Evidence for Coronary CTA in the ED Builds
Results from a second trial reported here confirmed the value of initial coronary CT angiography (CCTA) scan in the emergency department for evaluation and management of lower-risk patients with chest pain.
With a randomized cohort of 1,000 patients, researchers found that an initial CCTA scan significantly shortened the hospital length of stay compared with standard care (mean 23 versus 31 hours, P<0.0002), Udo Hoffmann, MD, MPH, from Massachusetts General Hospital in Boston, reported here at the American College of Cardiology meeting.
And faster discharge did not pose a safety risk, as there were no missed cases of acute coronary syndrome within the first 72 hours post discharge and only two major adverse events at 28 days.

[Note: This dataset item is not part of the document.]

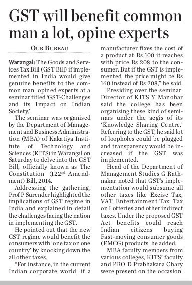 A Lecture on GST- Challenges & Impact on Indian Society

There also were no missed cases of acute coronary syndrome at 72 hours in the standard care arm, but that group had five major adverse events during the 28-day follow-up. Earlier this week Harold I. Litt, MD, from the University of Pennsylvania in Philadelphia, reported at ACC12 similar results from the ACRIN PA study: earlier discharge and no events in the group randomized to the CCTA strategy. The CT-STAT study, published last year in the Journal of the American College of Cardiology, also found favorable results for utilizing CCTA in the emergency department for low- to intermediate-risk patients. CT-STAT, however, compared CCTA to SPECT myocardial perfusion imaging. The current study, ROMICAT II (Rule Out Myocardial Ischemia/Infarction Using Computer Assisted Tomography), as well as ACRIN PA, allowed local physicians to order the desired stress test: exercise, echocardiography, or SPECT. “The clinical evidence from these three trials is consistent,” said study discussant Matthew J. Budoff, MD, from UCLA Medical Center. “Physicians can feel confident discharging patients who have a negative CCTA scan.” The ROMICAT I study, a blinded observational study published last year in JACC: Cardiovascular Imaging, demonstrated that those cleared of a cardiac cause of their chest pain had very good prognosis over two years, Hoffmann said. ROMICAT II randomized 1,000 acute chest pain patients from nine centers in the U.S. between April 2010 and January 2012 to the CCTA strategy or standard care. Follow-up was nearly 100% in both groups. The mean age of patients was 54 and 46% were women. About 37% of patients had zero or one risk factor, 53% had two or three, and 10% had four or more. The chief patient complaint at presentation was anginal chest pain (90%). At discharge, 8.6% and 6.4% of patients in the CCTA and standard care arms, respectively, had a diagnosis of acute coronary syndrome. Hoffmann noted the “excellent” agreement between the sites and independent adjudication for discharge diagnosis (96.5%, kappa 0.9). Along with an overall absolute difference of 8 hours in length of stay between the two arms, when the final diagnosis was not acute coronary syndrome, CCTA allowed for even quicker discharge (17 versus 27 hours, P<0.001). There was no difference in length of stay when patients were diagnosed with acute coronary syndrome.